### Exercise instructions:
There are pictures in the records below; leave them out and set down exactly the lines from the one holding "A knitted scarf" through the one holding "2025-04-09-国信证".

### Records shown:

/---

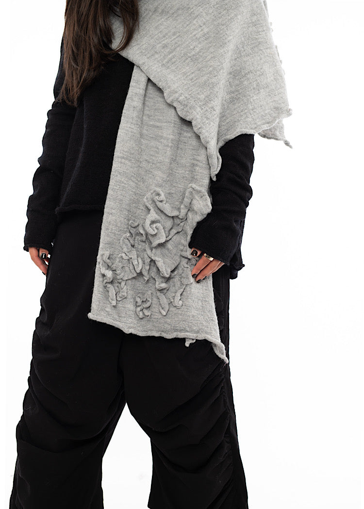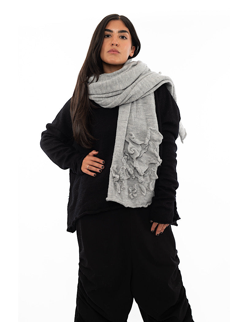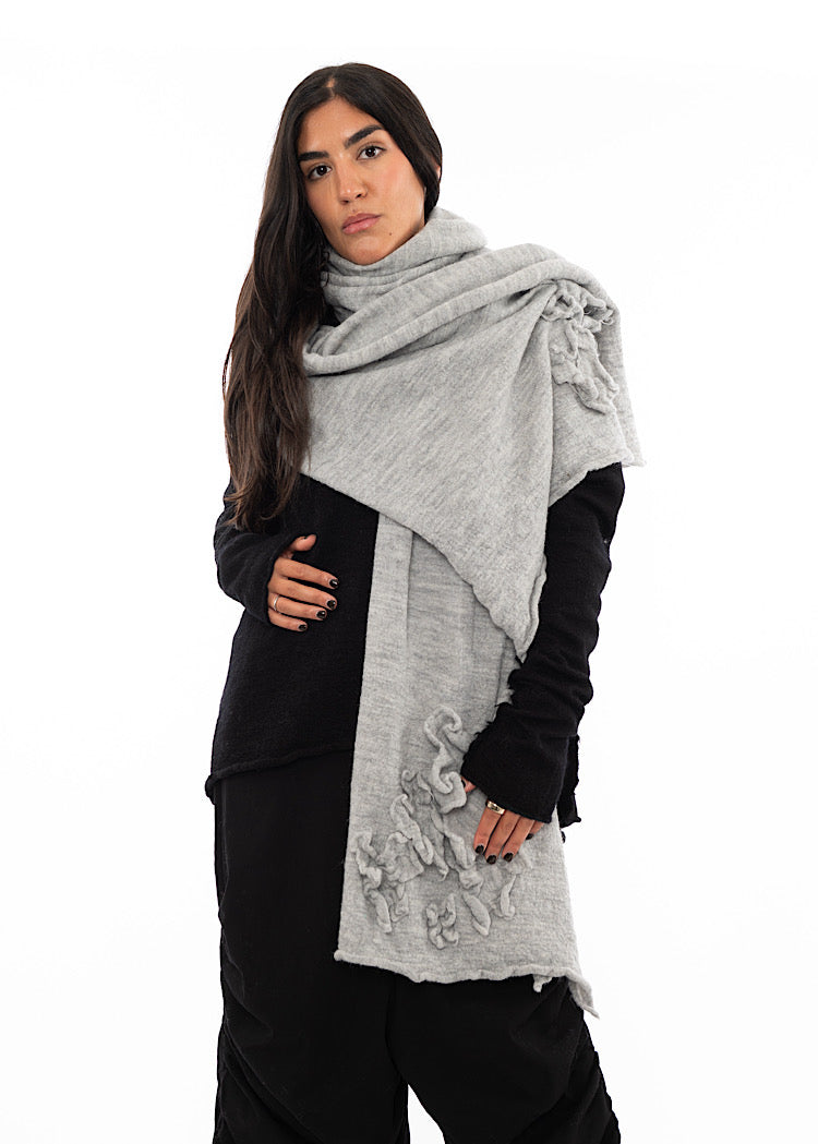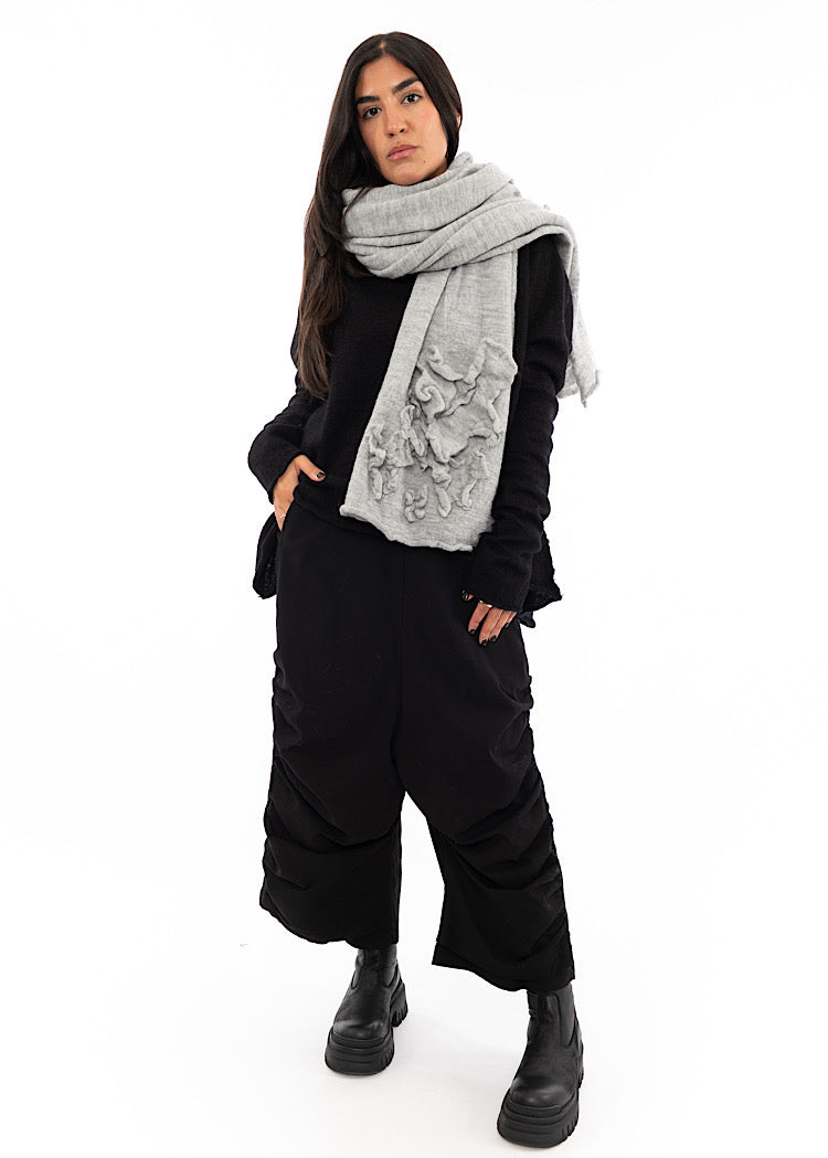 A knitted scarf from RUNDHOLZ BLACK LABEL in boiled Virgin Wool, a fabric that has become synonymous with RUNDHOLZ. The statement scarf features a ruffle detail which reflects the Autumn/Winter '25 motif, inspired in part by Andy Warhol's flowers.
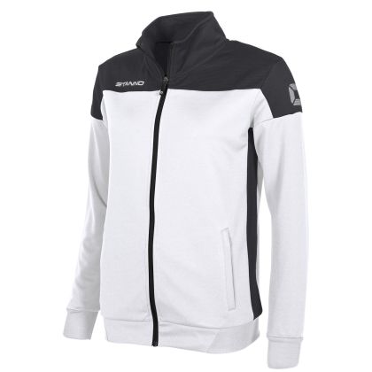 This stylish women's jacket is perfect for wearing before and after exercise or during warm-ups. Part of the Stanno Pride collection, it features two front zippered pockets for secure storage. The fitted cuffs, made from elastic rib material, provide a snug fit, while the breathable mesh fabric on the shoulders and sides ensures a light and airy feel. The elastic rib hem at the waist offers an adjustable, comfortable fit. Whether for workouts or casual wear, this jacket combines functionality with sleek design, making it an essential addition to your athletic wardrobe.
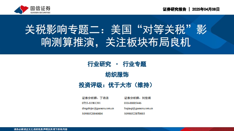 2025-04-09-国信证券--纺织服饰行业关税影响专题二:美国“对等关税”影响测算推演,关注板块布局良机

\---
/---

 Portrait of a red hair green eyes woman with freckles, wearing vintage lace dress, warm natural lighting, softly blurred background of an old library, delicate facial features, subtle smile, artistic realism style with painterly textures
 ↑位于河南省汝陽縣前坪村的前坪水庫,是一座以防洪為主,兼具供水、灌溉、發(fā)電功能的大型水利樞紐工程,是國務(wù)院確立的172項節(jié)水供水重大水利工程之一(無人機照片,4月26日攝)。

\---

### Result:
 A knitted scarf from RUNDHOLZ BLACK LABEL in boiled Virgin Wool, a fabric that has become synonymous with RUNDHOLZ. The statement scarf features a ruffle detail which reflects the Autumn/Winter '25 motif, inspired in part by Andy Warhol's flowers.
 This stylish women's jacket is perfect for wearing before and after exercise or during warm-ups. Part of the Stanno Pride collection, it features two front zippered pockets for secure storage. The fitted cuffs, made from elastic rib material, provide a snug fit, while the breathable mesh fabric on the shoulders and sides ensures a light and airy feel. The elastic rib hem at the waist offers an adjustable, comfortable fit. Whether for workouts or casual wear, this jacket combines functionality with sleek design, making it an essential addition to your athletic wardrobe.
 2025-04-09-国信证券--纺织服饰行业关税影响专题二:美国“对等关税”影响测算推演,关注板块布局良机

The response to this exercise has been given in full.